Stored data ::
══════════════════════════════

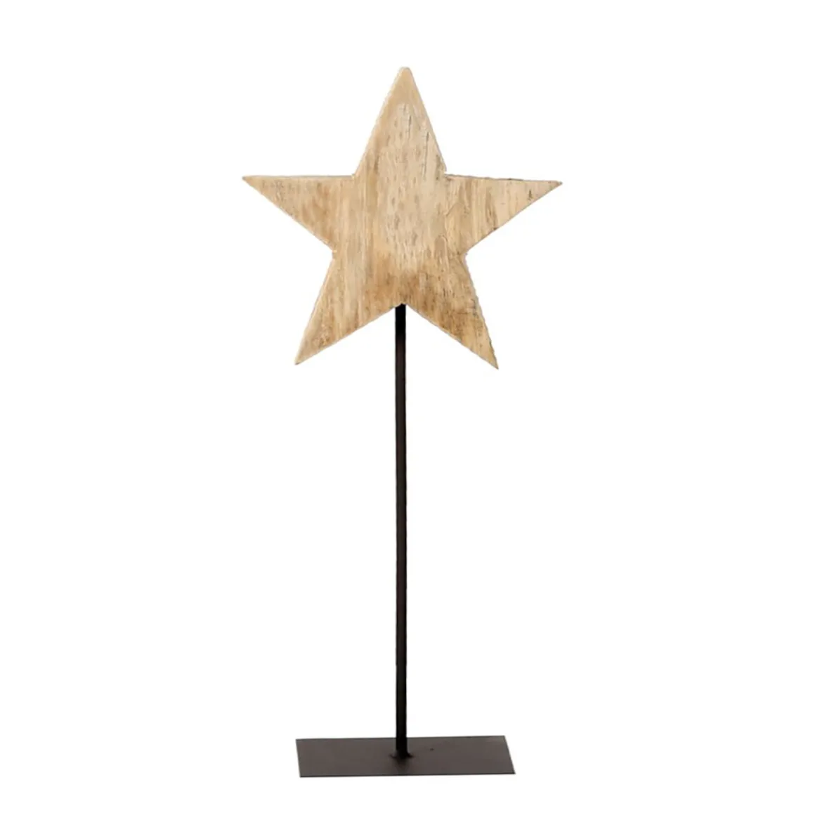 Deko Holzstern natur, Stern auf Metallfuß, 50cm, WMG Grünberger
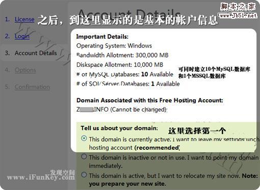 之后跳转到如下页面,显示的无非就是免费空间容量10GB,月流量300GB,可同时建立10个MySQL数据库和一个MSSQL数据库,下面那个 Tell us about your domain 选择第一项,自行设置域名的解析,否则会自动将主域名解析到这个免费空间上。
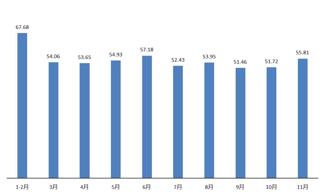 圖1 2021年前11個(gè)月規(guī)上企業(yè)印染布當(dāng)月產(chǎn)量情況(億米)
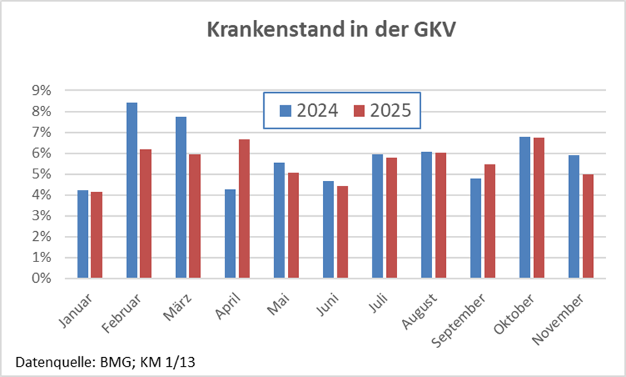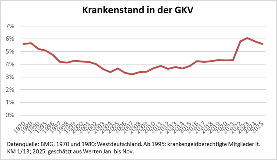 Was die Höhe des Krankenstands angeht, so ist er in Deutschland seit 2022 verglichen mit den Vorjahren recht hoch. Es gibt unterschiedliche Erfassungsweisen und Datenquellen. Nimmt man die Daten des Bundesgesundheitsministeriums aus der KM 1/13-Statistik auf Basis der GKV-Meldungen, lag der Krankenstand 2024 bei 5,8 % und er könnte 2025, die Monatswerte Januar bis November zugrunde gelegt, bei 5,6 % liegen. Den höchsten Wert hatte er 2023 mit 6,07 %.
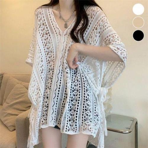 [에이치플러스몰]그물 인기 비치커버업 여름수영복 펀칭 감성 니트 비
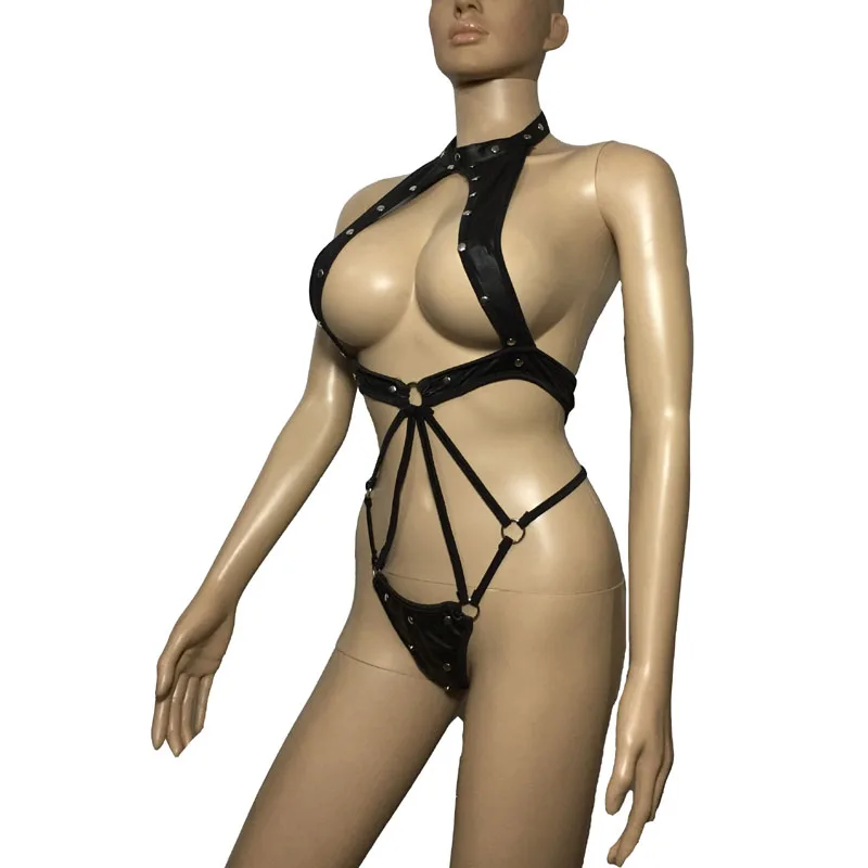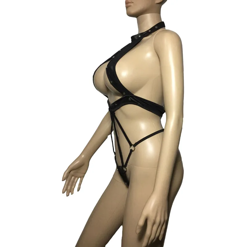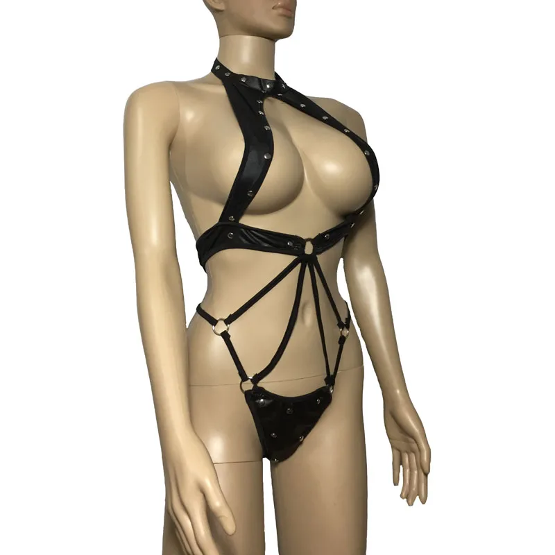 Этот костюм для ролевых игр имеет металлические заклепки и дизайн с открытым корпусом. Отлично подходит для косплея Фетиш. Размер, обхват груди 80-96 см, обхват талии: свободный обхват бедер: 85-99 см Материал: искусственная кожа Посылка: одно платье Тедди
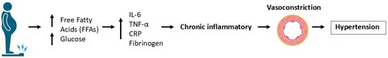 Pathophysiological mechanism linking obesity, inflammation, and hypertension. The diagram illustrates the pathway through which obesity contributes to the development of hypertension. Increased levels of free fatty acids (FFAs) and glucose lead to the upregulation of pro-inflammatory cytokines, including interleukin-6 (IL-6), tumor necrosis factor-alpha (TNF-α), C-reactive protein (CRP), and fibrinogen. The resulting chronic inflammatory state induces vascular dysfunction and vasoconstriction, ultimately leading to hypertension.
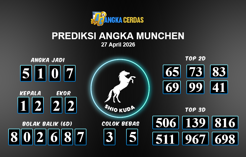 Prediksi Togel MUNCHEN untuk hari ini Senin, 27 April 2026, adalah salahsatu jenis togel yang memiliki banyak penggemar.Ini terutama ditujukanbagi Anda yang menyukai 4d/3d/2d. Prediksi Angka Cerdas yang kamisediakan,bisa
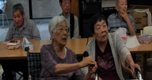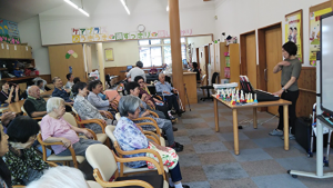 今回は秋らしい曲を大合唱してもらいました。まず一曲目は「五夜お月さん」を皆さんで大合唱してもらいました。歌い終わると皆さん「月は昔は綺麗に見えよったなー」と懐かしんでおりました。
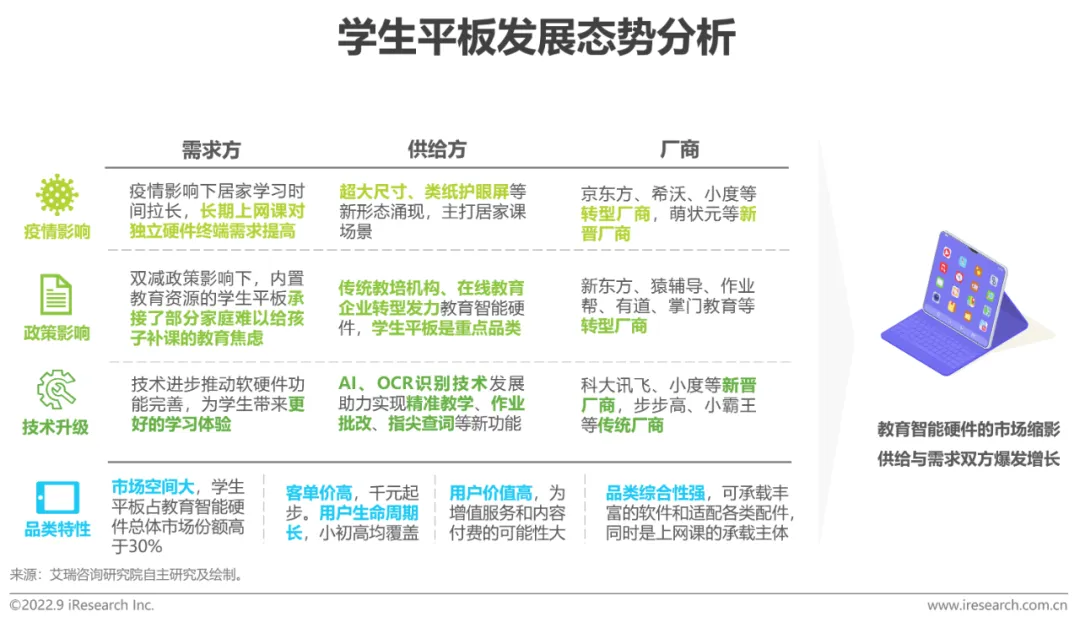 学生平板在当下的火热受到疫情、政策、技术多方因素的复合影响,可看作教育智能硬件市场火热的缩影,学生平板也具有承接用户高需求、市场高期待的品类特性。在疫情、政策、技术推动下,供需双方相互影响推动了品类的火爆,传统厂商、转型厂商、新晋厂商动作频频。如“双减”政策影响下,从需求方来看,内置教育资源的学生平板成为了部分家庭教育焦虑转移的出口。从供给方来看,教育智能硬件成为了传统教培机构、在线教育企业转型发力的方向,而学生平板因其市场空间大、客单价高、综合性强等特性,成为各厂商关注的重点品类。

══════════════════════════════

About this exercise :: Copy exactly the lines of the entries above from the one containing "Was die Höhe" through the one containing "今回は秋らしい曲を大合唱して". Both end lines count; pictures do not.

Your response ::
 Was die Höhe des Krankenstands angeht, so ist er in Deutschland seit 2022 verglichen mit den Vorjahren recht hoch. Es gibt unterschiedliche Erfassungsweisen und Datenquellen. Nimmt man die Daten des Bundesgesundheitsministeriums aus der KM 1/13-Statistik auf Basis der GKV-Meldungen, lag der Krankenstand 2024 bei 5,8 % und er könnte 2025, die Monatswerte Januar bis November zugrunde gelegt, bei 5,6 % liegen. Den höchsten Wert hatte er 2023 mit 6,07 %.
 [에이치플러스몰]그물 인기 비치커버업 여름수영복 펀칭 감성 니트 비
 Этот костюм для ролевых игр имеет металлические заклепки и дизайн с открытым корпусом. Отлично подходит для косплея Фетиш. Размер, обхват груди 80-96 см, обхват талии: свободный обхват бедер: 85-99 см Материал: искусственная кожа Посылка: одно платье Тедди
 Pathophysiological mechanism linking obesity, inflammation, and hypertension. The diagram illustrates the pathway through which obesity contributes to the development of hypertension. Increased levels of free fatty acids (FFAs) and glucose lead to the upregulation of pro-inflammatory cytokines, including interleukin-6 (IL-6), tumor necrosis factor-alpha (TNF-α), C-reactive protein (CRP), and fibrinogen. The resulting chronic inflammatory state induces vascular dysfunction and vasoconstriction, ultimately leading to hypertension.
 Prediksi Togel MUNCHEN untuk hari ini Senin, 27 April 2026, adalah salahsatu jenis togel yang memiliki banyak penggemar.Ini terutama ditujukanbagi Anda yang menyukai 4d/3d/2d. Prediksi Angka Cerdas yang kamisediakan,bisa
 今回は秋らしい曲を大合唱してもらいました。まず一曲目は「五夜お月さん」を皆さんで大合唱してもらいました。歌い終わると皆さん「月は昔は綺麗に見えよったなー」と懐かしんでおりました。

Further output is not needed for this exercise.